In a moment I had slithered fully out of the bunk and, despite not being able to use my left arm properly, brought my full weight down on top of something that squirmed and flailed, and held it down on the floor, still silent. Blade. Where was it? Did they drop it? I groped for a throat, felt beard, stubble, scraping my hand, the sudden snap of teeth, saliva falling across my fingers.
The curtains were yanked aside, and lanterns appeared out of nowhere, dazzling me so that I couldn’t see, and then it was a blur of golden light, red blood, voices, hands. Pain roared and shrieked where my neck and shoulder met, and something bobbed out of the corner of my eye, something bright, wet. There was a scuffle, the clang of metal against metal, and then, very near my ear, a man’s voice saying in Low Dath, “Someone fetch a cloth, quickly!”
“Who was it,” I said, or the god said, or somebody. “Who was it? Who.”

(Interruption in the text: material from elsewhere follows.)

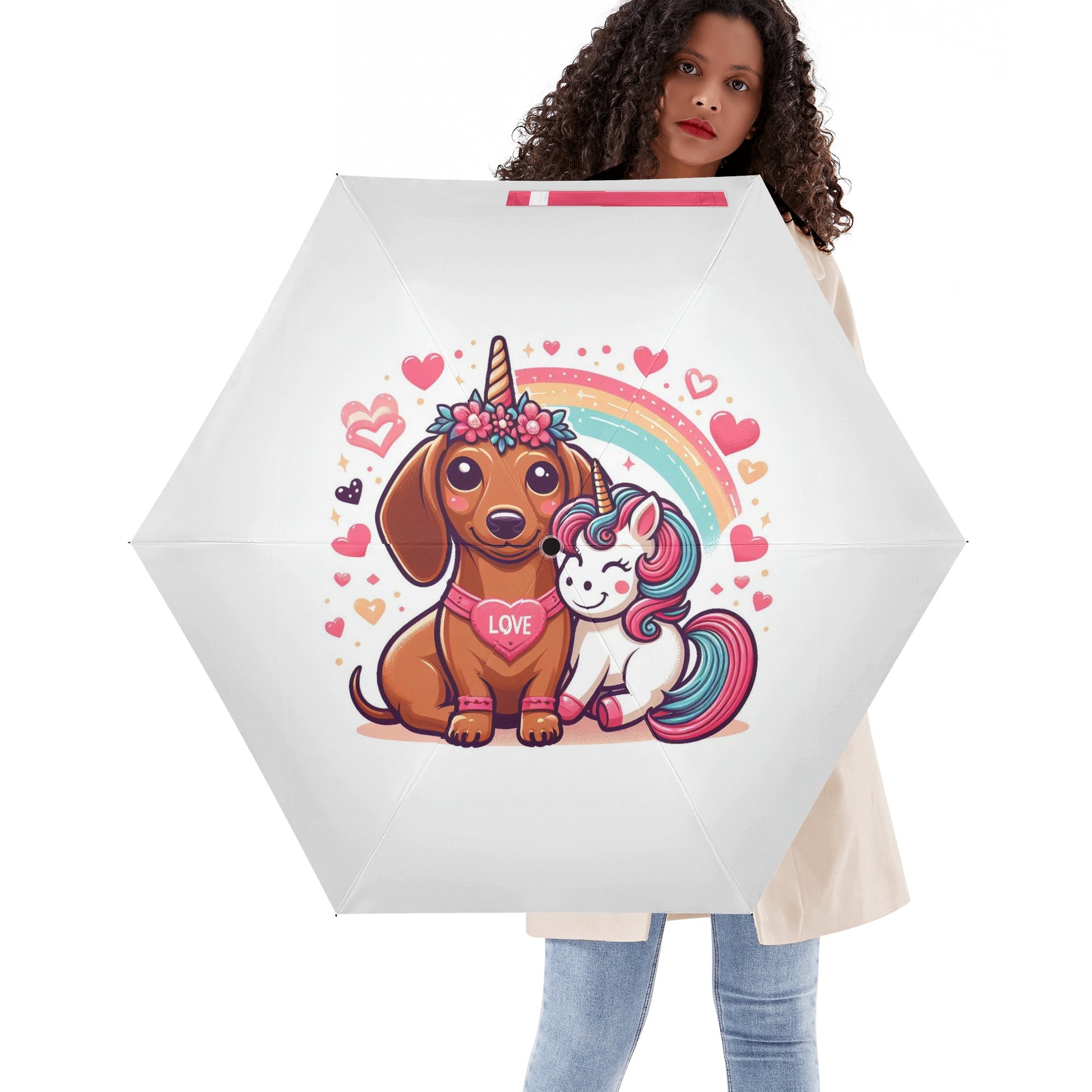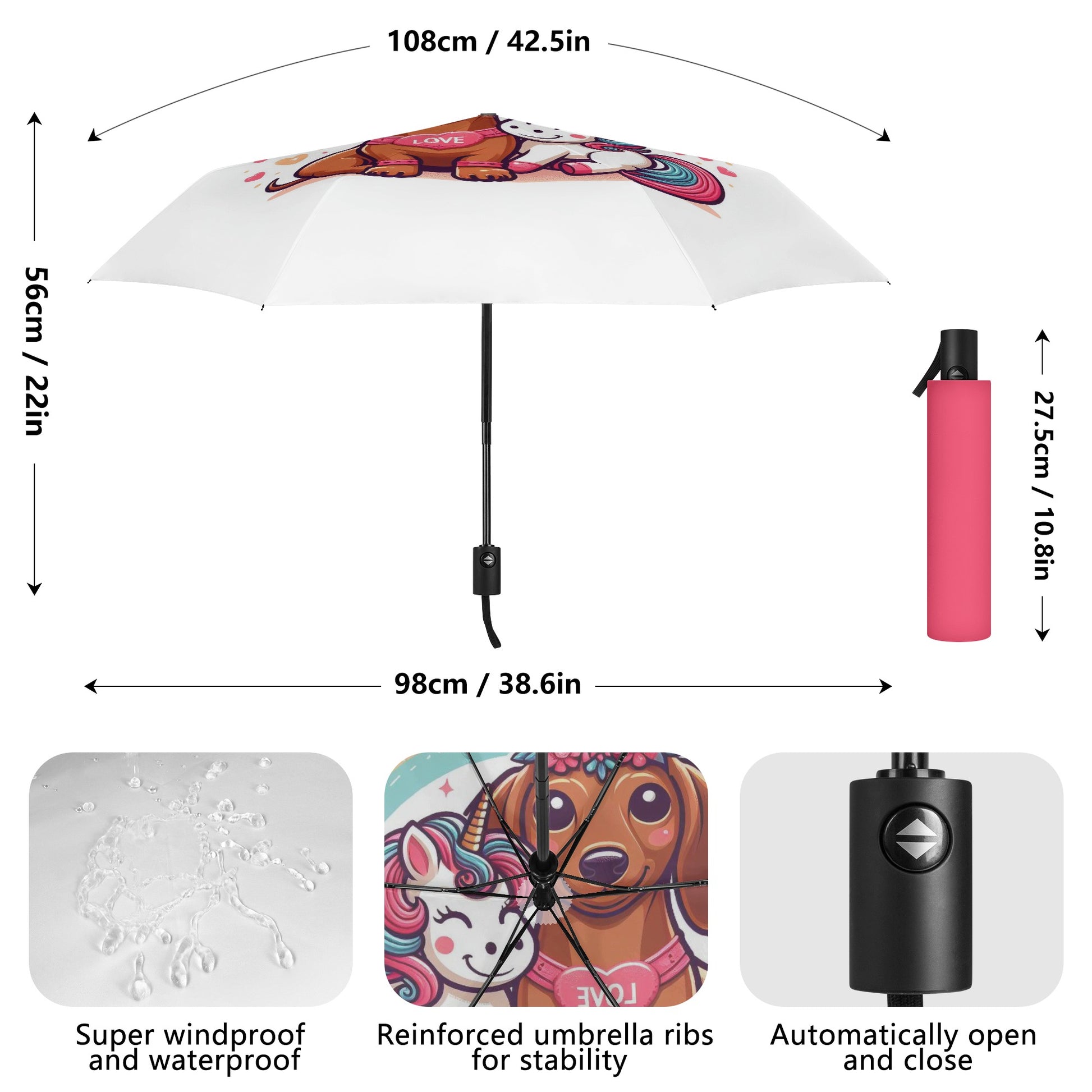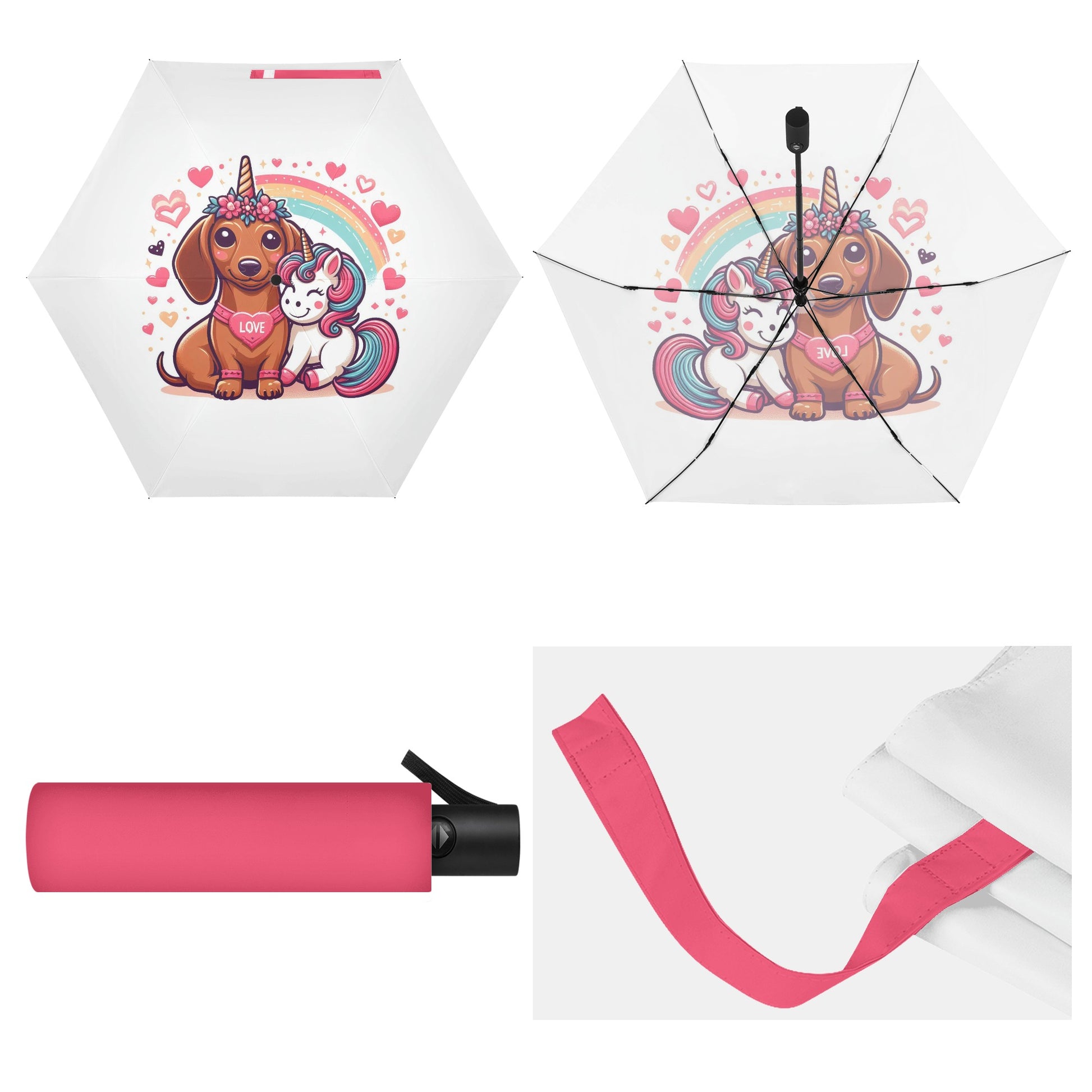 El paraguas se compone de 6 piezas, cada una con un bonito estampado de perro salchicha. También puedes personalizar el cinturón y la funda para que coincidan con tu estilo y preferencia. El paraguas tiene un mecanismo de apertura y cierre automático y un mango de agarre cómodo. Puedes abrirlo y cerrarlo con una mano y disfrutar de una experiencia cómoda y fluida.

No one answered; a white face passed close to mine, startling me so that I gasped and tried to recoil as if from a ghost. I felt drunk, despite only having a few sips of wine several hours ago. Had it been several hours? There was no time here on the river of darkness.
“Oh my God,” said the face in English. Another flurry: my shirt being removed, then my undershirt, and then I was on the floor and someone was pressing on my shoulder with both hands. Underneath, it felt as if they had brought a live coal to hold against my skin. “Quit moving around! God. I need someone heavier—no, not you.”

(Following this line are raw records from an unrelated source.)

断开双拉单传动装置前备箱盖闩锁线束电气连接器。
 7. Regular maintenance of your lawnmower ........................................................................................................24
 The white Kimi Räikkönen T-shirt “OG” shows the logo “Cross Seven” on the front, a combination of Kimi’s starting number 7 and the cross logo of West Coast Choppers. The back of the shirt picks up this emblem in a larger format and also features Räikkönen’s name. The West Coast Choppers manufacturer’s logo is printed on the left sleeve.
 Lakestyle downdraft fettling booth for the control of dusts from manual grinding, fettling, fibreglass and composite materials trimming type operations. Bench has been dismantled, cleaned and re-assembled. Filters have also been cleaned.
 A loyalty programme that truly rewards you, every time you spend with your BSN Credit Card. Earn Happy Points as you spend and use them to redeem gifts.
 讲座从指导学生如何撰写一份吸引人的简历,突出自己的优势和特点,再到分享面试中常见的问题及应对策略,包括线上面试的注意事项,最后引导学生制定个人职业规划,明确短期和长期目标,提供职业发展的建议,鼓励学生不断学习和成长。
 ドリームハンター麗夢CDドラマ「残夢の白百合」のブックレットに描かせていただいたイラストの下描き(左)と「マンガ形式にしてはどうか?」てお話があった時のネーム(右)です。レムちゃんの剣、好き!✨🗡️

A darkness, a familiar face. The lanterns kept swaying. Were we being buffeted in the current? What current? I breathed, smelled blood. The Advisor reached out carefully with his right forepaw and pressed it down on the coal.
“Hear me out!” someone was shouting in Low Dath, a man. “Then let me finish what I began!”
“Who,” I said again, aware that my voice was ragged and faint.
“Liandan,” said someone next to me. Yenu, breathing fast. “He must have been trying to cut your throat. While you were. While...”
“Fucking incompetent,” I croaked. “Did you put him up to this. Did you ask to have me killed. You son of a bitch. Did you think the god would go to you? Is that what you wanted all along? How long were you planning this, when did you tell him to do it?”
“Stop talking shit.”
“You. You. You almost had me. You’d do anything, anything for power, not even money, power, we saw it for years, and then it was all taken from you, you were a vermin-infested skeleton in a dungeon, but you saw it swing by you again, close enough for you to touch—”
“Shut up,” she said. “Stop it. You’re not even making sense, and you’ll say something you’ll regret.”
“Will I.” It was becoming difficult to speak.
“Trust me or not, I don’t care,” she said, putting her face closer to mine. “The god had his chance. Anyway, if I wanted to kill you, I’d do it myself. And I don’t want the spy to hear any of this. Shut up.”